Logical vs Physical Modeling
Structured Query Language (SQL)
• Widely used non-procedural database query language
• Question: What is the name, email address and yearly
income of the customer with customerKey ‘11009’?
Customer Table
DimCustomer
Components of a DBMS
• Database system has five main pieces;
– Client Communications Manager that manages
communication between the users and the database
– Process manager that encapsulates and schedules the
various tasks in the system
– A statement-at-a time query processing engine
– A shared transactional storage subsystem that knits
together storage, buffer management, concurrency
control and recovery
– A set of shared utilities including memory
management, disk space management, replication,
and various batch utilities used for administration
Architectural Components of a DBMS
Life of a Query
• A database interaction at an airport, in which
a gate agent clicks on a form to request the
passenger list for a flight
• This button click results in a single-query
transaction
Life of a Query
• The personal computer at the airport gate (the “client”)
calls an API that in turn communicates over a network to
establish a connection with the Client Communications
Manager of a DBMS
– the responsibility of the DBMS’ client communications manager
• to establish and remember the connection state for the caller
• to respond to SQL commands from the caller
• to return both data and control messages (result codes, errors, etc.) as
appropriate
• In gate agent’s query example, the communications
manager would
– establish the security credentials of the client
– set up state to remember the details of the new connection and
the current SQL command across calls
– forward the client’s first request deeper into the DBMS to be
processed
Life of a Query
• Upon receiving the client’s first SQL command, the DBMS
(Process Manager) must assign a “thread of computation”
to the command
– Make decision regarding admission control: whether the system
should begin processing the query immediately, or defer
execution until a time when enough system resources are
available to devote to this query
• Begin executing the gate agent’s query by Relational Query
Processor.
– checks that the user is authorized to run the query, and
compiles the user’s SQL query text into an internal query plan
– The plan executor consists of a suite of “operators” (relational
algorithm implementations) for executing any query
• Operators implement relational query processing tasks including joins,
selection, projection, aggregation, sorting, etc.
Life of a Query
• One or more operators exist to request data from the
database. These operators make calls to fetch data
from the DBMS’ Transactional Storage Manager
– Manages all data access (read) and manipulation (create,
update, delete) calls
– Invoke the transaction management code to ensure the
well-known “ACID” properties of transactions
– Before accessing data;
• locks are acquired from a lock manager to ensure correct
execution in the face of other concurrent queries.

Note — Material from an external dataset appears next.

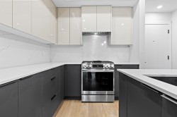 An exclusive opportunity to be the first to own at HALVO, a boutique new residence in South Surrey, bordering White Rock. This thoughtfully designed 1-bed + den showcases an entertainer's kitchen with a 1 generous island, quartz countertops, gas range, and stainless steel appliances. The bright, open layout is complemented by a spacious bedroom and a versatile den ideal for a home office, guest space, or small dining area. Enjoy panoramic rooftop amenities with stunning mountain views, BBQ area, putting green, clubhouse, fitness centre, and an outdoor children's play area. Includes 1 parking with rough-in Ev Charge and 1 storage. Just minutes to White Rock Beach, parks, shopping, hospital, and transit. A rare opportunity to secure the first resale in this highly desirable coastal community

• If the gate agent’s query involved updates to the database, it
would interact with the log manager to ensure that the transaction
was durable if committed, and fully undone if aborted
Life of a Query
• Agent’s query has begun to access data records, and is
ready to use them to compute results for the client.
– done by “unwinding the stack” of activities
• The access methods return control to the query executor’s operators
– which orchestrate the computation of result tuples from database data
• as result tuples are generated, they are placed in a buffer for the
client communications manager
– which ships the results back to the caller.

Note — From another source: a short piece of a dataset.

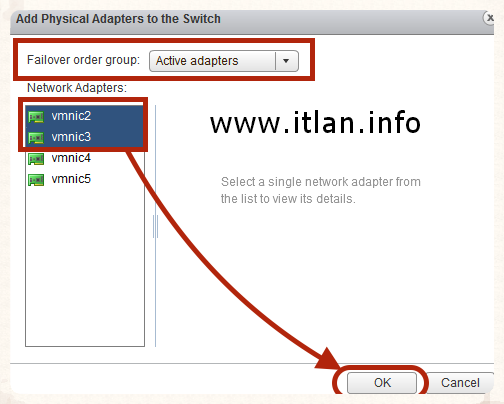 Paso 13: Seleccionamos las NICs que queremos asignar a nuestro VSS, en nuestro caso "vmnic2" y "vmnic3" y pulsamos el botón "OK" para continuar.

• At the end of the query: the transaction is completed and
the connection closed
– the transaction manager cleaning up state for the transaction
– the process manager freeing any control structures for the
query
– the communications manager cleaning up communication
state for the connection
Life of a Query
• Shared components and utilities that are vital to
the operation of a full-function DBMS.
• The catalog and memory managers are invoked
as utilities during any transaction.
– The catalog is used by the query processor during
authentication, parsing, and query optimization.
– The memory manager is used throughout the DBMS
whenever memory needs to be dynamically allocated
or deallocated.
• Remaining modules that run independently of
any particular query, keeping the database as a
whole well tuned and reliable